Das moderne Spektrum umfasst:
- Knochensparender Oberflächenersatz (z. B. Kappenprothese, Simpliciti®)
- Anatomische Schulterprothese (Oberarmkopf + Gelenkpfanne) – geeignet, wenn die Rotatorenmanschette intakt ist
- Inverse Schulterprothese (umgekehrtes Prinzip) – ideal, wenn die Rotatorenmanschette fehlt oder zerstört ist: Der kräftige Deltamuskel übernimmt die Funktion und sorgt so für Schmerzfreiheit und gute Beweglichkeit
- Wechselprothesen – für komplexe Fälle nach Lockerung oder Infektion
Besondere Expertise:
Wir sind eines der wenigen Zentren in Deutschland, das eine 3D-Planung der Schulterprothese durchführt.
- Schon vor der Operation wird anhand von 3D-Datensätzen das Implantat exakt geplant.
- Während der Operation können wir diese Planung mithilfe von Navigation oder sogar mit Augmented-Reality-Technik umsetzen.
- Das Ergebnis: höchste Präzision, optimale Positionierung und maximale Haltbarkeit der Prothese.
Operation und Nachbehandlung
- Die Operation erfolgt in Vollnarkose, mit der Option eines Schmerzkatheters für eine gezielte und individuell gesteuerte Schmerztherapie.
- Dank unseres Fast-Track-Programms ist heute nur ein kurzstationärer Aufenthalt von 1–3 Tagen notwendig.
- Postoperativ wird die Schulter zunächst für ca. 4 Wochen passiv bewegt. Anschließend folgt der Übergang in die aktive Beübung.
- Je nach Operationsverfahren kommt ein Gilchristverband oder ein Abduktionskissen zum Einsatz.

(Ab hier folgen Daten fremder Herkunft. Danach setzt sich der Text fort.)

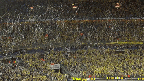 Fcsm Sochaux Montbeliard fans celebrate wildly in the stadium during the Coupe De France.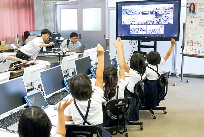 オンラインで市内の小学校がつながり、リアルタイムに情報を共有して学び合う授業は、市教委が広島大学EVRIと連携して、2021年度から社会科の授業として始めた。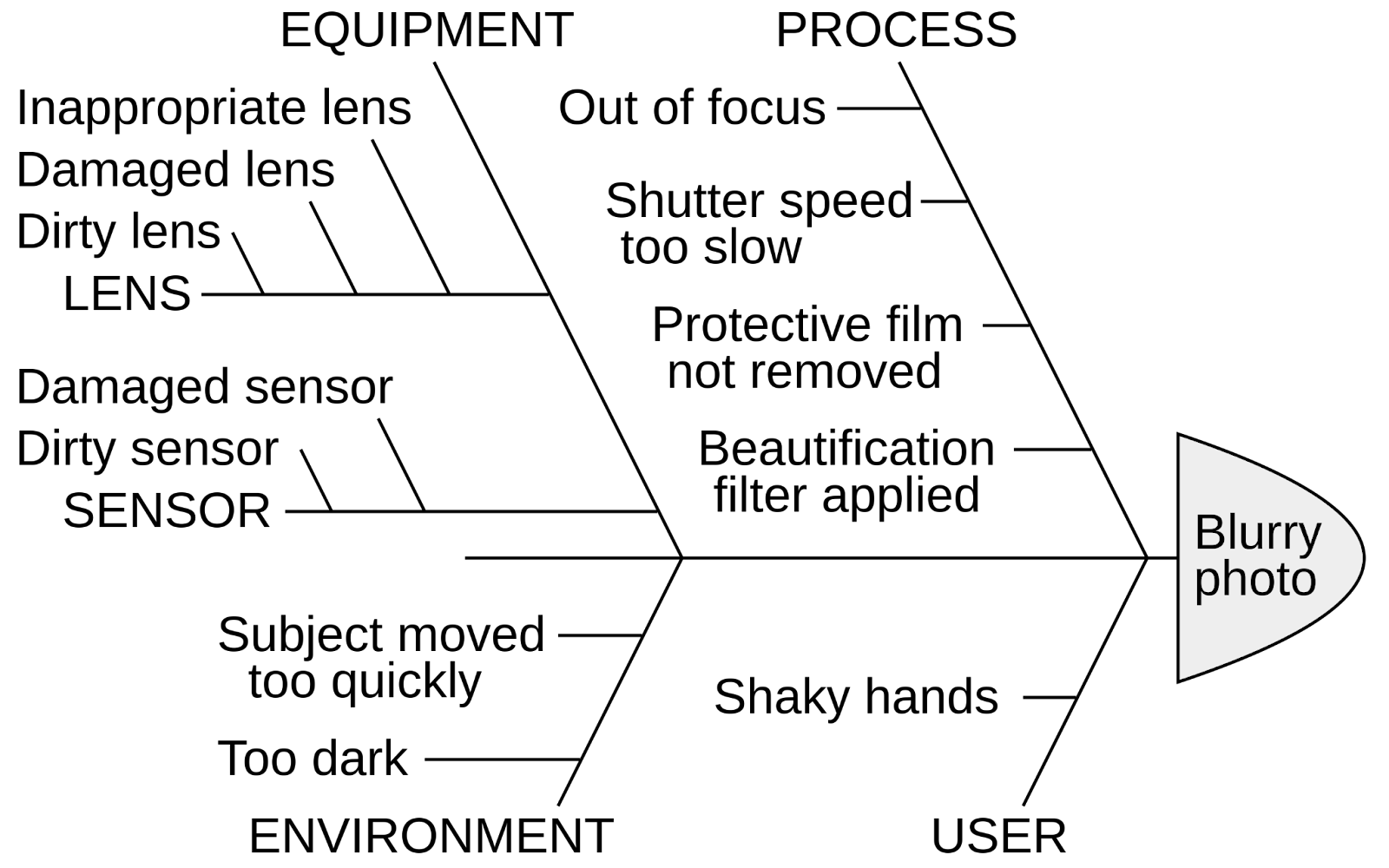 In researching this article, I learned that in 1962, 37 years before Schneier published his article on Attack Trees, Bell Laboratories had developed a similar technique called Fault tree analysis. Ishikawa diagrams (pictured below) were also popularized in the 1960s. These techniques fall under the general category of Root cause analysis, which includes popular quality control techniques like the Five whys.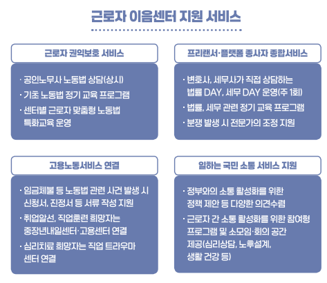 | 근로자 권익 보호 | 무료 노무 상담, 정기 교육, 특화 프로그램 |
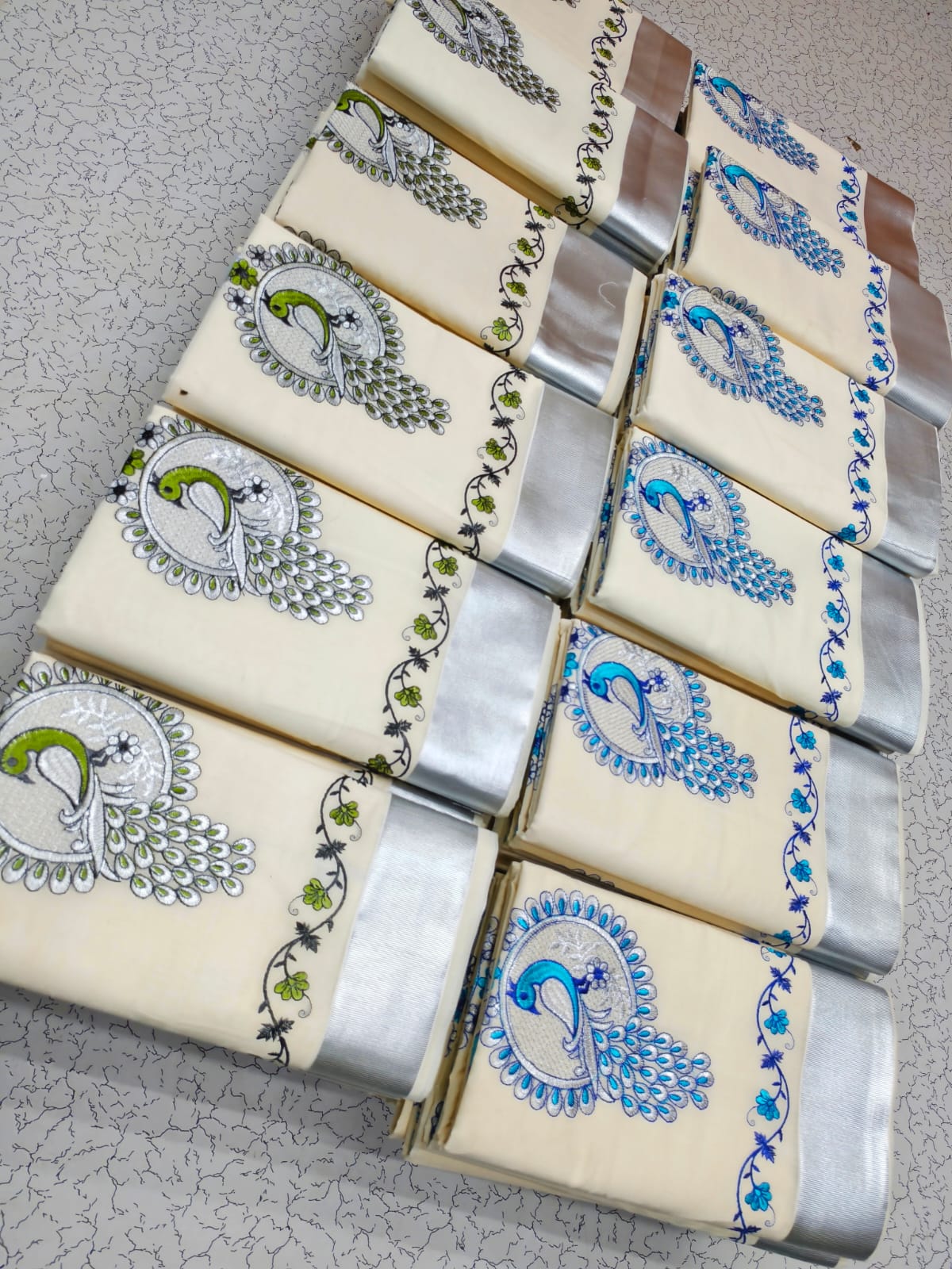 A perfect blend of Kerala tradition and modern elegance, this premium Kasavu saree comes with a shiny silver border and beautiful peacock embroidery in green & silver threads. Lightweight, elegant, and festive-ready!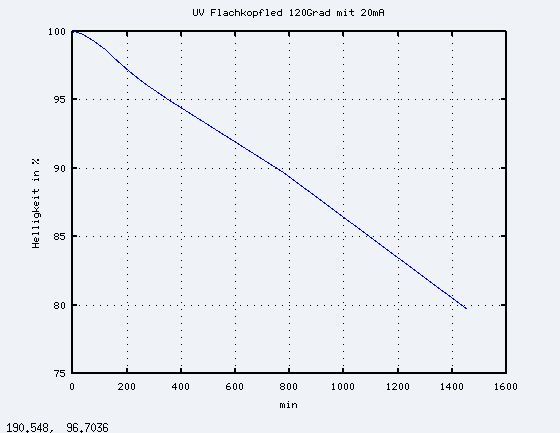 > Hast du deinen Aufbau mal mit einem konstanten Strahler überprüft? Eine > Glühlampe könnte ich mir gut vorstellen. Ne, hab ich nicht. Ich vertraue meinem Aufbau. :-) > Wenn für die Messungen eine Fotodiode im Plastikgehäuse verwendet wird, > dürfte sich auch dort eine sinkende Empfindlichkeit aufgrund von > UV-induzierter Materialalterung ergeben. Ich verwende fuer die Messung eine IR-LED im Plastikgehaeuse weil ich gerade keine Photodiode rumliegen hatte. Grundsaetzlich kann sowas natuerlich auch einen Einfluss haben! Aber wenn ich in ein paar Tagen angeblich 0% Intensitaet habe und ich mache den Deckel wieder auf und die Diode leuchtet noch dann weiss ich ja das es so war. > Eine Vergleichsmessung mit einer neuen UV-LED, die immer nur kurz als > Referenz verwendet wird, könnte hier Klarheit schaffen. Aber nur theoretisch. Das Problem ist das die Empfindlichkeit meines Empfaengers STARK von der Ausrichtung von Sender und Empfaenger abhaengt. Sobald ich da irgendwas fummel ist die Sache nicht mehr vergleichbar. Dazu muesste man schon etwas mehr Arbeit reinstecken und ich wollte ja nur kurz was testen und keine Doktorarbeit raus machen. > Ich würde sagen das liegt an den Platinen. Meiner Erfahrung nach > brauchen meine alten Platinen immer um ein vielfaches länger. So bloed bin ich nicht. Ich hab es extra mit einem Stueck Platine getestet vom dem ich vor ein paar Wochen die andere Haelfte benutzt habe. Olaf
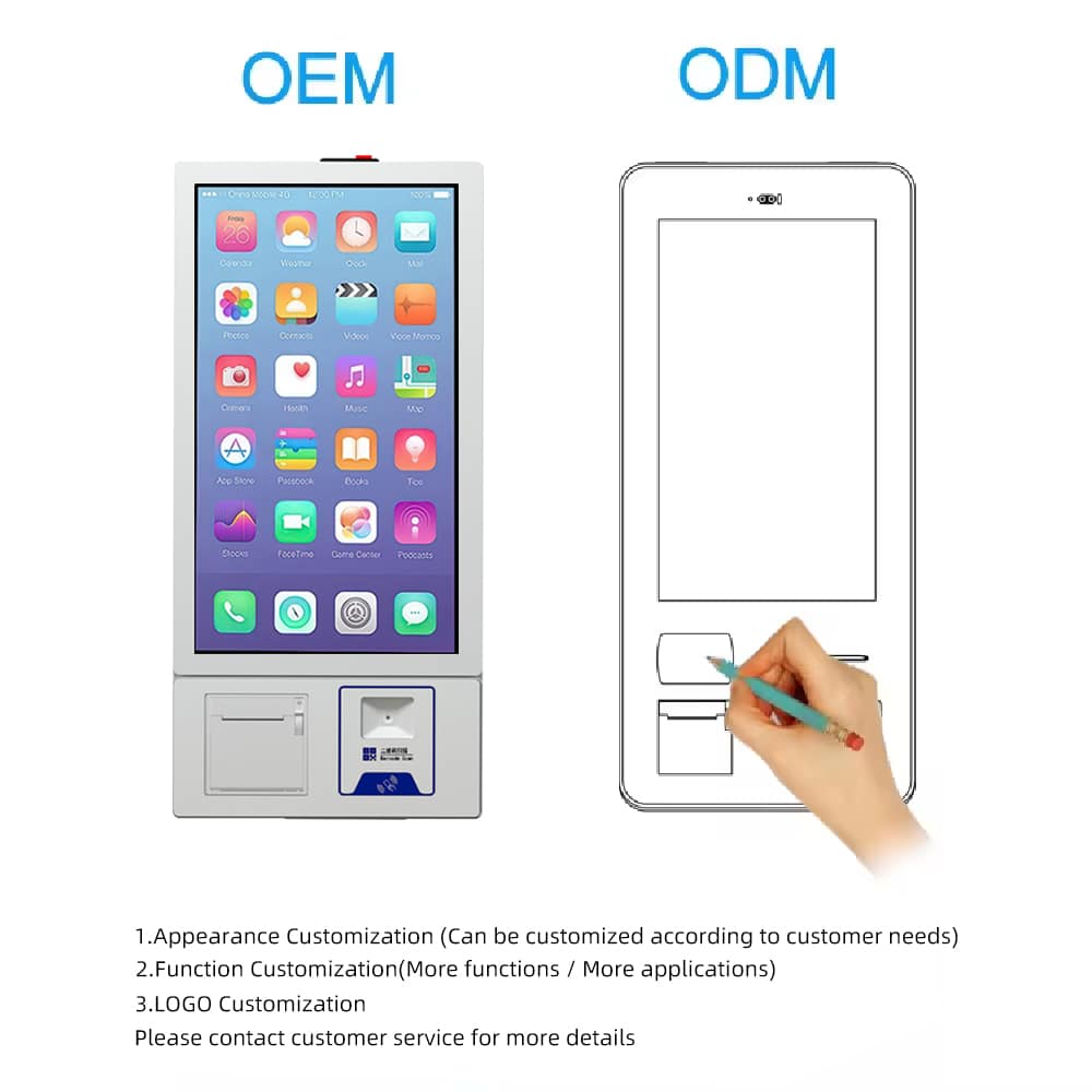 The Android Windows Self Service Kiosk is a versatile interactive terminal designed for self-checkout, self-ordering, payment, and customer service automation. With a responsive touch screen, support for QR / barcode scanning, and flexible system compatibility, this kiosk helps businesses reduce labor costs, improve operational efficiency, and deliver a smoother customer experience.

- Ein individueller Nachbehandlungsplan mit Physiotherapie wird in enger Zusammenarbeit mit unserer physiotherapeutischen Abteilung erstellt.
- Eine Rehabilitationsmaßnahme ist insbesondere beim Übergang zur aktiven Bewegung nach etwa 6 Wochen sinnvoll.
Prognose
- Moderne Schulterendoprothesen erreichen heute Ergebnisse, die denen von Hüft- und Knieprothesen vergleichbar sind.
- In über 90 % der Fälle berichten Patient:innen von einer deutlichen Schmerzreduktion und einer spürbar besseren Beweglichkeit.
- Auch nach mehr als 10 Jahren zeigen die Implantate in Studien sehr gute Haltbarkeit und Funktion.
- Die Kombination aus hoher OP-Erfahrung (150 Prothesen/Jahr), Fast-Track-Programm und modernster 3D-/AR-Technik macht uns zu einem führenden Zentrum in Deutschland.